When I signed up to join, I was unaware of how the process worked: rush, pledge, bid, etc. Being a pledge basically means being the active members' bitch until you are initiated and get to mistreat the next group of pledges. While my school is very serious about preventing hazing, that doesn't stop the actives from exercising what little power they still hold. Tonight, I got a taste of that, in a more negative way than I have had thus far.

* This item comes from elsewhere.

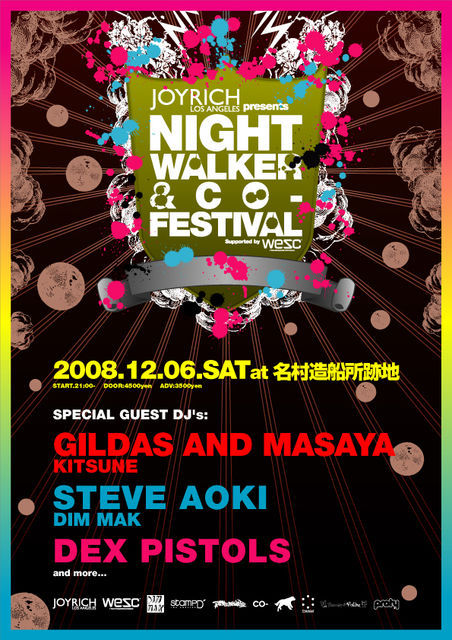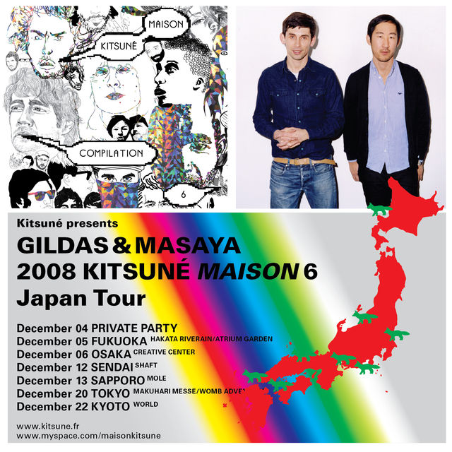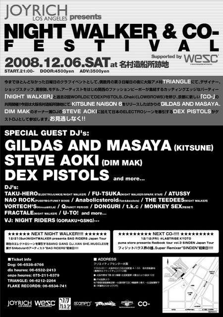 ※12/6(土)大阪名村造船所跡地にて、KITSUNE MAISON 6をリリースしたばかりのGILDAS AND MASAYA、DIM MAKのオーナー兼DJのSTEVE AOKIに加えて日本のELECTROシーンを牽引するDEX PISTOLSが一同に見れる貴重な機会です。

The pledges had to elect a leader at the beginning of this process, a person to be a liaison between the officer in charge of us, and the group. I volunteered, and won the post. After a meeting of the whole chapter a few weeks ago, during which a member had told a story of driving drunk people home who vomited in his car, I jokingly said that I wouldn't be driving any drunks home, since 'my ride is so fly, and I don't drink anyway, so not like I need it.'
This was a joke. The other pledges laughed, I moved on. Tonight, the officer in charge of the pledges asked me during the chapter meeting, in front of everyone if I had said that I wasn't going to sober drive since I don't use it. I said yes, and that I had done so in jest. He said I was a dumbass and then said 'you're fired.'
There are pledges who didn't particularly like the way I ran things (if that's even possible, considering all I basically did was mass text people after the officer told me what to do). These pledges told active members during the past few weeks that I didn't take commitments like sober driving seriously, spinning me as a bad guy, a snob, precocious. The pledge who doesn't have to follow the rules.
Now the actives told the officer in charge about this, and he called me out on it. I don't blame him, that's what I would have done too. I think the pledges who started the drama, should have said something to my face about it. I think the actives should have asked me about it. But, once I got fired, those responsible for spreading my words volunteered to replace me, and won.
All in the name of brotherhood, character, loyalty, and honor.
I'm disappointed that I believed in something greater than myself. Foolish me.